The complete Encoder executes all layers after embedding, positional encoding and mask generation:

In [8]:
mutable struct EncoderLayer
    mha           # multi-head attn
    drop1
    norm1         # layer-norm
    ffwd1; ffwd2  # final feed forward 4*depth
    drop2
    norm2

    EncoderLayer(depth, n_heads, drop) = new(MultiHeadAttn(depth, n_heads),
                                                Dropout(drop),
                                                LayerNorm(depth),
                                                Linear(depth, depth*4, actf=relu),
                                                Linear(depth*4, depth),
                                                Dropout(drop),
                                                LayerNorm(depth)
                                                )
    end

function (el::EncoderLayer)(x; mask=nothing)

    c, α = el.mha(x, x, x, mask=mask)   # always: [depth, seq_len, mb_size]
    c = el.drop1(c)
    o1 = el.norm1(x .+ c)

    o2 = el.ffwd1(o1)                   # [depth*4, seq_len, mb_size]
    o2 = el.ffwd2(o2)                   # back: [depth, seq_len, mb_size]
    o2 = el.drop2(o2)
    o2 = el.norm2(o1 .+ o2)
    return o2, α
end

In [9]:
mutable struct Encoder
    depth          # embeding depth
    embed          # embedding layer
    pad_id         # id of padding word
    n_layers
    layers         # list of actual encoder layers
    drop           # dropout layer

    Encoder(n_layers, depth, n_heads, vocab_size; pad_id=NNHelferlein.TOKEN_PAD, drop_rate=0.1) =
            new(depth,
                Embed(vocab_size, depth),
                pad_id,
                n_layers,
                [EncoderLayer(depth, n_heads, drop_rate) for i in 1:n_layers],
                Dropout(drop_rate))
end


function (e::Encoder)(x)

    n_seq = size(x)[1]
    m_pad = mk_padding_mask(x, pad=e.pad_id, add_dims=true)
    x = e.embed(x)                                          # [depth, seq_len, mb_size]
    x = x .+ positional_encoding_sincos(e.depth, n_seq)
    x = e.drop(x)

    for l in e.layers
        x,α = l(x, mask=m_pad)
    end
    return x
end

Output of the encoder is the encoder hidden state with the same size as the input after embedding
\[*embedding, seq_len, mb_size*\] (here: embedding depth: 1024, 5 encoder layers, 4 heads and a vocab size of 20000):

In [10]:
mbx = rand(1:20000, 16, 64)
e = Encoder(5, 1024, 4, 20000)
henc = e(mbx)
@show size(henc);

size(henc) = (1024, 16, 64)


## Decoder

Decoder layout follows the Encoder and is build from Decoder Layers.

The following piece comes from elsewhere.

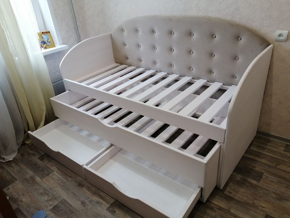 Спальные места: 80х180, 80х200 см. Выдвижные ящики в комплекте. Материал: ЛДСП.

The layers are similar to 
the Encoder Layers with the difference that after the self-attention an attention to the encoder state is added:

In [11]:
mutable struct DecoderLayer
    mhsa          # multi-head attn
    drop1
    norm1         # layer-norm
    mha
    drop2
    norm2
    ffwd1; ffwd2  # final feed forward
    drop3
    norm3

    DecoderLayer(depth, n_heads; drop_rate=0.1) = new(MultiHeadAttn(depth, n_heads),
                                             Dropout(drop_rate),
                                             LayerNorm(depth),
                                             MultiHeadAttn(depth, n_heads),
                                             Dropout(drop_rate),
                                             LayerNorm(depth),
                                             Linear(depth, depth*4, actf=relu),
                                             Linear(depth*4, depth),
                                             Dropout(drop_rate),
                                             LayerNorm(depth)
                                             )
    end

function (dec::DecoderLayer)(x, h_encoder; enc_m_pad=nothing, m_combi=nothing)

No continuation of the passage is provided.